For our department's holiday party, the boss took us all to Dave and Buster's. For those of you not familiar with this chain, imagine a large restaraunt filled with video games, some billiards tables, and skeeball.
As I've admitted before, I'm not much of a gamer. Since gaming is the next big thing in instructional technology, I figured it was time to start playing.
During my explorations, I found the following (please excuse my lack of memory for names, it was late and there was alcohol involved).
The Snowmobile game: You sit on a snowmobile with similar controls and race down a hill against other people sitting next to you. This was one of the two games my boyfriend and I kept coming back to. Why? There was a goal(i.e. get down the hill faster than everyone else). The controls were intuitive. I didn't have to do anything fancy if I just wanted to get down the hill. If I wanted to punch people, I had to push 1 bright red flashing button. Mr. Flaky has a mean right hook.
Air Strike: Dave and Busters has you walk into a jungle bunker with 6 seats of this game. You are a gunner on a battleship (Why the restaraunt has you walking into a jungle bunker is a question I didn't think of until now...). You and the other people in the game shoot down as many planes and enemy battleships as possible. I found myself recruiting co-workers so we can shoot planes down together. One of the best team-building exercises I've seen in a long time. I found that my colleagues and I would start developing strategies for getting the enemy. "You take this quadrant and I'll go after this boat..."
The Zombie Shooter game: I think this was based on a movie. You and your friend are 2 teenagers who have to defend themselves from zombies. My boyfriend and I hated this game for 2 reasons: 1) There was no way to turn around and the zombies would attack from behind. 2) The controls were not intuitive. You have to point away from the screen, shoot, then shoot the screen. There were also a lot of buttons on the gun you had to push to do simple things like duck and jump. I panic when I am being attacked by zombies and forget which button controls which action.
Thinking about the experience...I've discovered 3 characteristics that make games engaging for me.
1) There is a concrete goal. You get down the hill faster than anyone else. You shoot all the planes.

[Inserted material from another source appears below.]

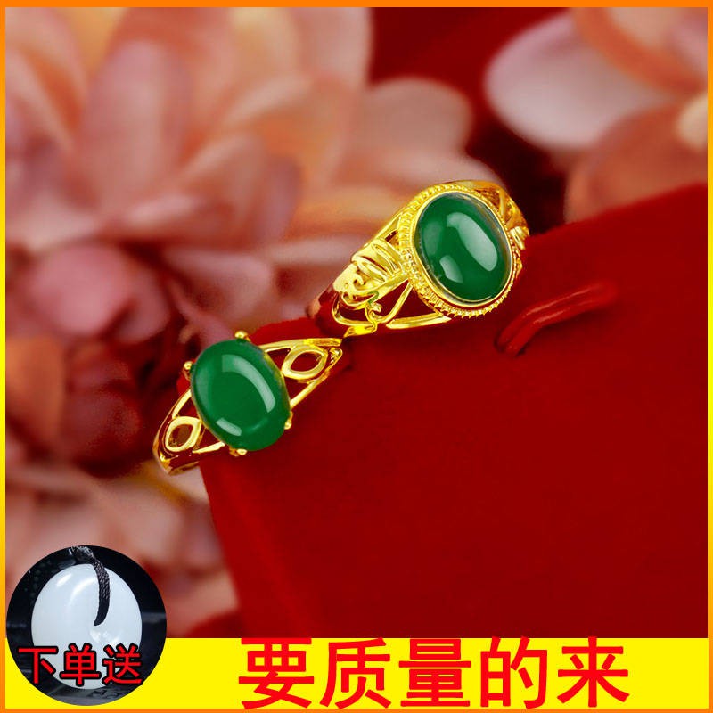 Fashion Warna Emas Cincin Pernikahan Wanita Perhiasan Dengan Hijau

2) The time for each exercise is reasonably short. Gameplay for each level of the games I liked took about 3 minutes. You then move on to something else or a greater challenge (depending on the type of game / goal). If I want to stop, I can.
3) Intuitive controls. If I have to think hard about what button to push while I'm playing, I get frustrated. If I have to finesse the controls on top of it, I get even more frustrated. This may be why Xbox, Playstation, and many PC-based games hold little appeal to me. I can't keep track of what button I'm supposed to push when and find myself mashing buttons at random hoping to get the thing on the screen to do something useful. Posessing bad small-motor skills doesn't help.
So if I'm going to design a training game for our organization, I'll want it to have these 3 features. If it won't engage me, it sure won't engage my audience of technophobes.